# Xfce4 rant



## Sevendogsbsd (Feb 26, 2021)

OK, so I use Kali Linux daily at work because of what I do. Just updated and the version we use has Xfce4 as a desktop. Used to be fine, now instead of actually viewing and acting on files, Thunar only provides a "catfish" search and you apparently can't see your files any longer? No apparent away to turn this off.

I am switching to something actually useful like DWM or maybe open box. Really disappointed.


----------



## phalange (Feb 26, 2021)

DWM and Openbox don't have file managers. You could check out pcmanfm as an alternative to thunar. Or dolphin (lots of dependencies) or Caja.


----------



## Jose (Feb 26, 2021)

Sevendogsbsd said:


> OK, so I use Kali Linux daily at work because of what I do. Just updated and the version we use has Xfce4 as a desktop. Used to be fine, now instead of actually viewing and acting on files, Thunar only provides a "catfish" search and you apparently can't see your files any longer? No apparent away to turn this off.
> 
> I am switching to something actually useful like DWM or maybe open box. Really disappointed.

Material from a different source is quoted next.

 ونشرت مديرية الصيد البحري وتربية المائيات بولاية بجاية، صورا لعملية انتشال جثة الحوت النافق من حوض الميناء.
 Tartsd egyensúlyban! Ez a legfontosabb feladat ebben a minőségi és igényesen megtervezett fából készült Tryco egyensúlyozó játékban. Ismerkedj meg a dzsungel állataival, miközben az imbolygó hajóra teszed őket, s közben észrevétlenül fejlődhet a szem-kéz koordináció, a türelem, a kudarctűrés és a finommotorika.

Typical. FOSS developers emulating Apple/Android because fear, uncertainty, doubt.


----------



## Sevendogsbsd (Feb 26, 2021)

phalange said:


> DWM and Openbox don't have file managers. You could check out pcmanfm as an alternative to thunar. Or dolphin (lots of dependencies) or Caja.


I know. Switched to LXQt and that was exactly what I was looking for. Too bad: Xfce4 used to be nice.


----------



## Sevendogsbsd (Feb 26, 2021)

Jose said:


> Typical. FOSS developers emulating Apple/Android because fear, uncertainty, doubt.

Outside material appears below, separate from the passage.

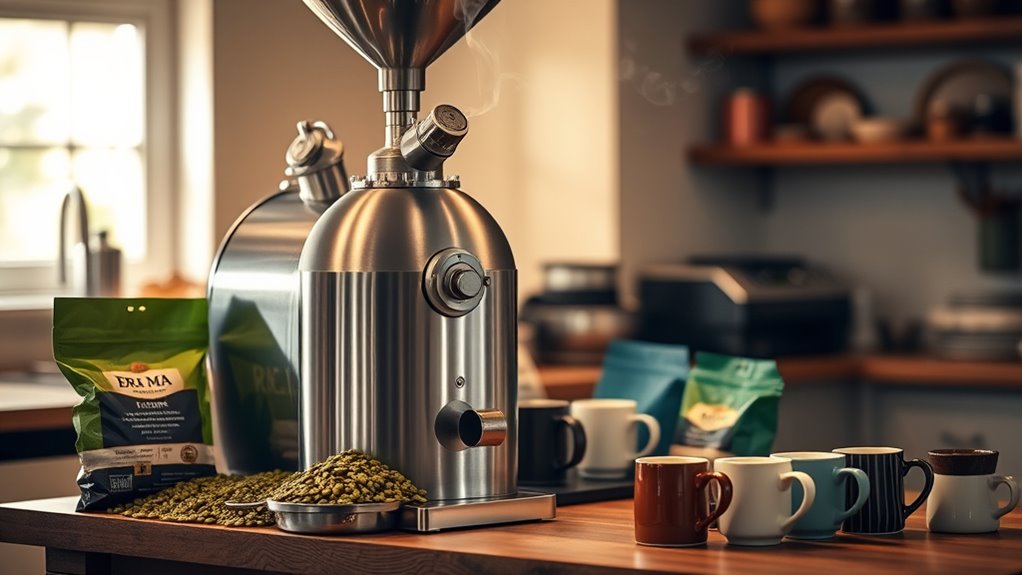 Build quality materials are vital considerations for anyone looking to invest in an at-home coffee roaster. High-quality roasters often use stainless steel for its durability and heat retention, enhancing your roasting experience. If you prefer eco-friendly options, ceramic bodies distribute heat evenly, ensuring consistent roast results without unwanted flavors. Lightweight roasters made from high-temperature resistant plastics offer safety and convenience, but make sure they meet heat resistance standards. Additionally, consider features like corrosion and impact resistance, which contribute to longevity and reliability. The design and materials of components like roasting drums and cooling trays greatly affect heat circulation and chaff collection, which are essential for best roasting performance. Choose wisely to enjoy consistently great coffee.

Yeah, that I can't "see" my files without searching for them is idiotic. Like I don't know where they are. Heck, even Apple now includes a file manager on iOS that is at least somewhat useful, relatively speaking. 

I normally only use command line on Kali but sometimes I still use graphical tools.


----------



## Crivens (Feb 26, 2021)

Try xfe. Or worker. Both are small, fast and have few dependencies.
After the last update to xfce I ended up with a barely usable desktop and went to windowmaker. That the close button is top-right grates on me a little bit, but I might get it over with one day.

To completely shock people you can use fvwm95.


----------



## Sevendogsbsd (Feb 26, 2021)

I like xfe but this LXQt desktop is rocking the sh*t. PCmanfm is working for me.


----------



## eternal_noob (Feb 26, 2021)

Sevendogsbsd said:


> Used to be fine, now instead of actually viewing and acting on files, Thunar only provides a "catfish" search and you apparently can't see your files any longer? No apparent away to turn this off.


AFAIK catfish is only a frontend to several search engines (doodle, find, slocate and tracker). What happens if you deinstall it? Thunar should not depend on it.


----------



## Sevendogsbsd (Feb 26, 2021)

Yeah, it is a file search tool apparently. Honestly I didn't even try. I was so disgusted that some designer thought a search was what I should be shown when opening a file manager that I just dumped the whole thing. Knee jerk reaction I know.


----------



## Matlib (Feb 26, 2021)

SpaceFM


----------



## Sevendogsbsd (Feb 26, 2021)

Nope, tried it don’t like it. Not bad, I just didn’t like it. Pcmanfm or xfe are my favorite lite file managers.


----------



## roper (Feb 26, 2021)

I have not seen this behavior in thunar, but I use it primarily as a menu for a media pc. I didn't know what catfish was until just now. Thunar 4.16 to me looks very much the same as 4.14 but now remembers folder views, which is a feature I find pleasant. When I need to search I query the locate database from a terminal window on my workstation. I've used pcmanfm under xfce in the past when thunar was buggy.


----------



## Sevendogsbsd (Feb 26, 2021)

It caught me off guard because I wanted to see the files, not search for them. Any window location I opened (system, home, etc) all gave the same view with no apparent ability to actually view any files.


----------



## recluce (Feb 28, 2021)

Sevendogsbsd said:


> OK, so I use Kali Linux daily at work because of what I do. Just updated and the version we use has Xfce4 as a desktop. Used to be fine, now instead of actually viewing and acting on files, Thunar only provides a "catfish" search and you apparently can't see your files any longer? No apparent away to turn this off.
> 
> I am switching to something actually useful like DWM or maybe open box. Really disappointed.


Thunar is not the only recent issue with XFCE4. If you want a volume control on your desktop, xfce4-mixer is no longer available and they recommend the pulseaudio mixer instead, which of course pulls in pulseaudio. Part of the reason I installed xfce4 on one machine was to have no pulseaudio messing up audio. Time to move to LXQT or something along those lines.


----------



## a6h (Feb 28, 2021)

I can't rammender the reason, but years ago I chose _pcmanfm _over {_pcmanfm-qt,_ _thunar, caja_} to use on _i3_. It works great. No complaint.


----------